The level of violence in the film – in one sequence, Steve Trevor is shown killing human adversaries while Wonder Woman uses extreme force, and several beheadings in battle also occur – garnered some criticism. Chris Mautner, reviewing the film for Comic Book Resources, remarked, "Is it just me or does it seem more than a bit...unnecessary?".

According to The-Numbers.com, Wonder Woman ranked No. 5 in DVD sales from its release of March 3 to 8, 2009. From the total units of 106,342, it made $2,040,703 in sales. The film has currently earned a total of $9,910,589 from domestic home video sales.

==Novelization==
An adaptation of the film, entitled simply Wonder Woman, was published in January 2009 by Pocket Star Books, an imprint of Simon & Schuster (ISBN 978-1-4165-9873-2).
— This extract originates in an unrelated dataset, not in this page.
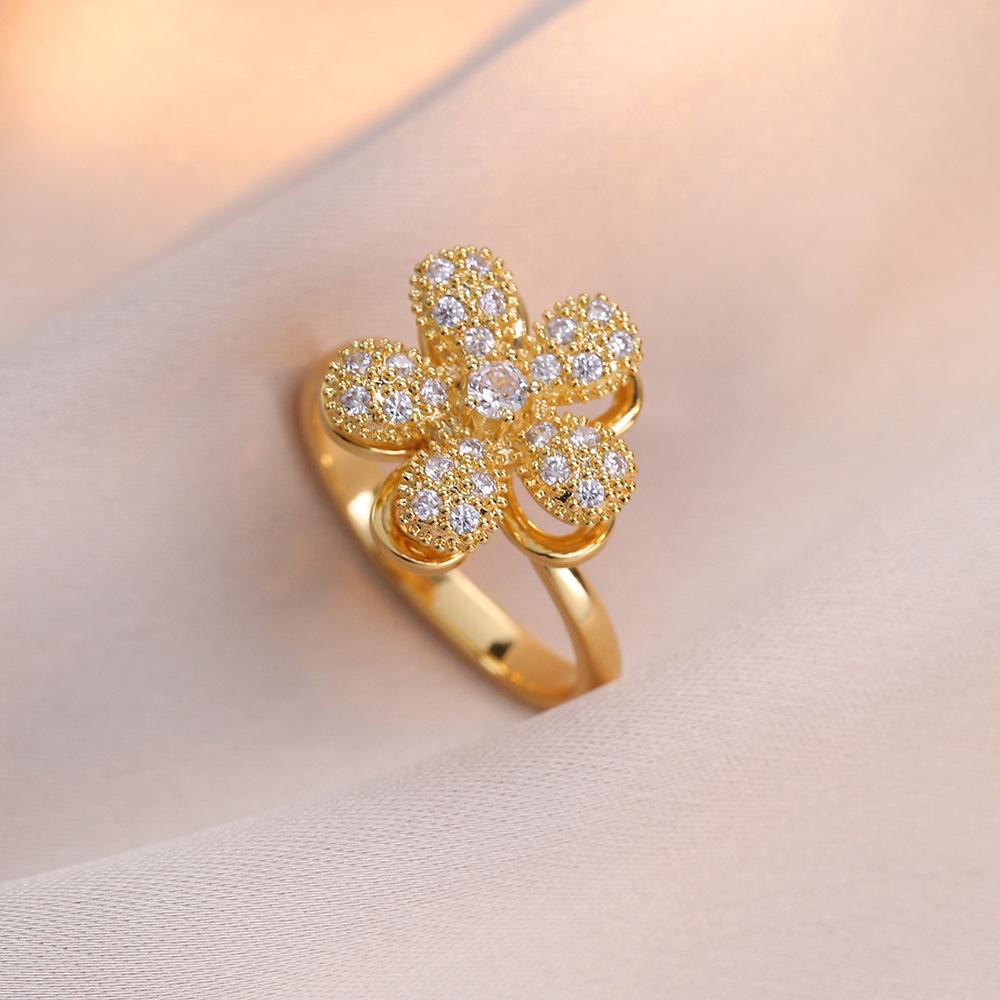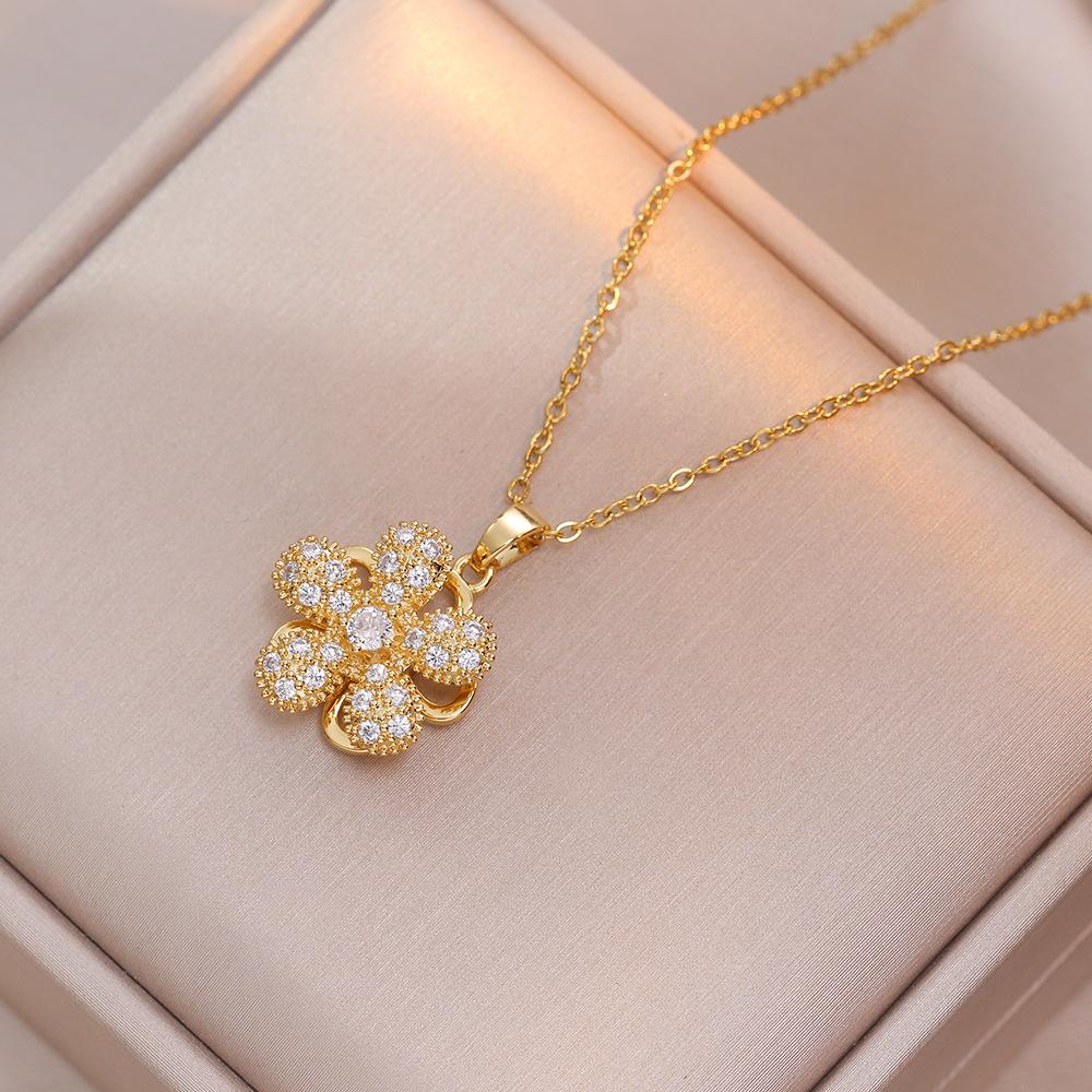 Colar para Mulheres, Celebridade da Internet Transfronteiriça Camada Dupla Anel de Flor de Zircônia Cravejado de Diamantes, Corrente Clavicular de Aço Titânio, Joias de Colar da Moda para Mulheres

Written by S.D. Perry and Britta Dennison, the book largely follows the film's plot, but omits some of the incidental violence (Steve Trevor killing guards, for example) featured in the film.

== Cancelled sequel ==
Bruce Timm expressed interest in making a sequel of this film, like a sequel to Green Lantern: First Flight, but ultimately the project was cancelled due to the slower sales of the film.